TennCare Behavioral Health for Therapists
By George Ruan • July 6, 2026
Last updated: July 6, 2026.
TennCare behavioral health for therapists is primarily an MCO routing problem. The practice has to know which plan the member is assigned to, whether the clinician and group are in network, and which authorization and claim rules apply to the service.
Tennessee Health Link may appear in behavioral health discussions, but therapy practices should still verify the member’s assigned MCO and the specific service workflow before billing.
Short version: Behavioral health billing should start with eligibility, MCO assignment, network status, service level, authorization requirements, and the correct claim route.
Sections
What to Verify for Behavioral Health
Assigned MCO or TennCare Select lane.
Rendering clinician and group network status.
Service code, diagnosis, provider type, and supervision rules where applicable.
Prior authorization or utilization-management requirements.

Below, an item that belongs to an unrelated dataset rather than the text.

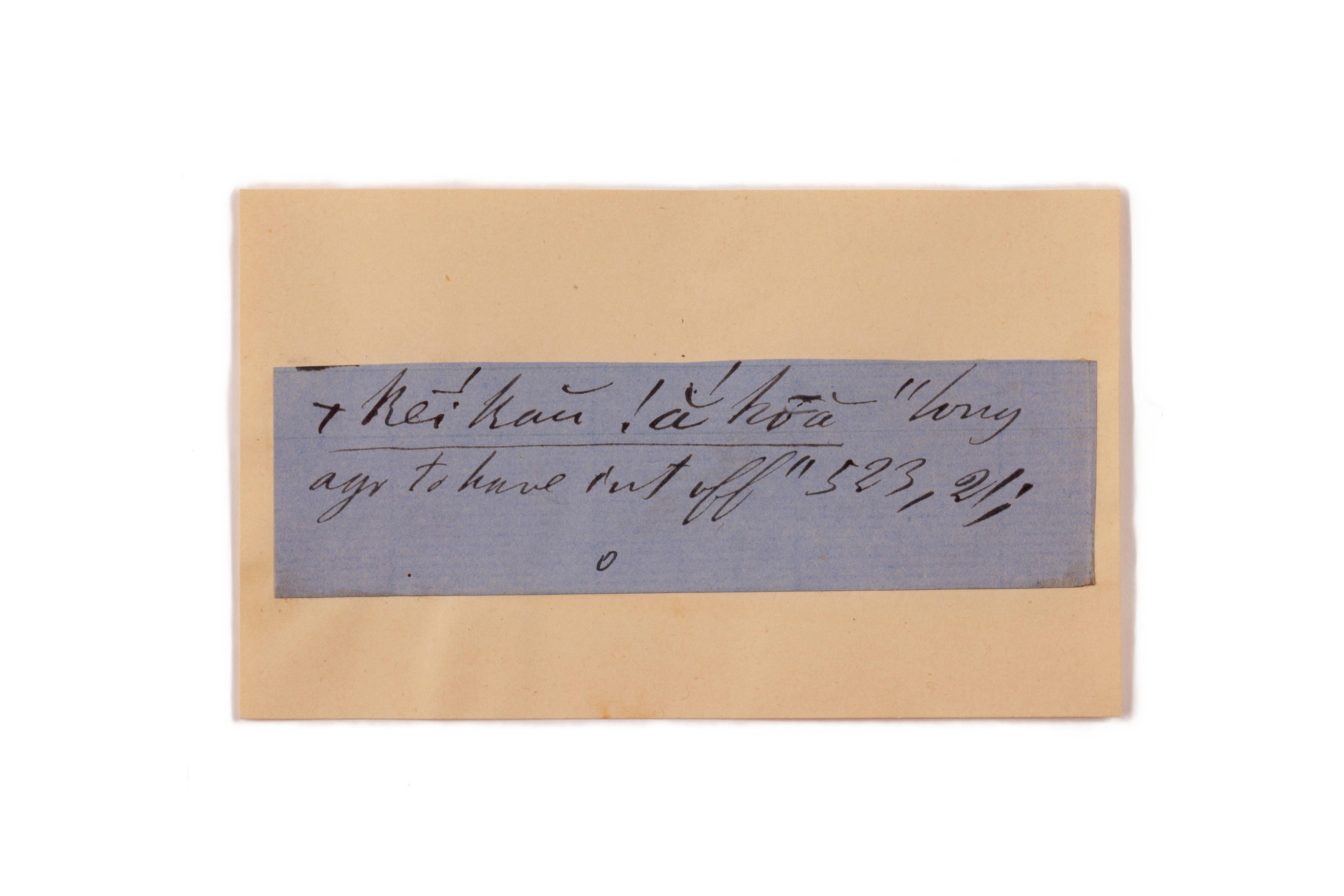 ink on blue paper glued on card

Telehealth rules if the visit is remote.
Claim portal, clearinghouse, and denial follow-up path.
Health Link Context
Tennessee Health Link is a care-coordination model for members with significant behavioral health needs. It is useful context, but it should not be treated as a billing shortcut. Verify the member’s plan, service, and provider participation before relying on any routing assumption.
Why Network Routing Matters
Behavioral health services can be operationally sensitive: authorizations, plan portals, provider directories, and clinical documentation can all affect payment. Keep those checks tied to the member’s actual assigned plan.
Where Bomi Fits
Bomi helps therapy practices keep the moving pieces aligned: TennCare provider registration, Data Spring/CAQH maintenance, Medicaid IDs, group rosters, MCO applications, portal access, eligibility checks, claim routing, denials, revalidation reminders, and revenue operations. The goal is not just approval; it is billable, verified access for the members you actually see.
Operational note: This is general billing and credentialing education for therapy practices, not legal, compliance, or payer-specific billing advice. Confirm current TennCare, Data Spring/CAQH, MCO, provider-manual, authorization, telehealth, and contract requirements before submitting enrollment, claims, or portal requests.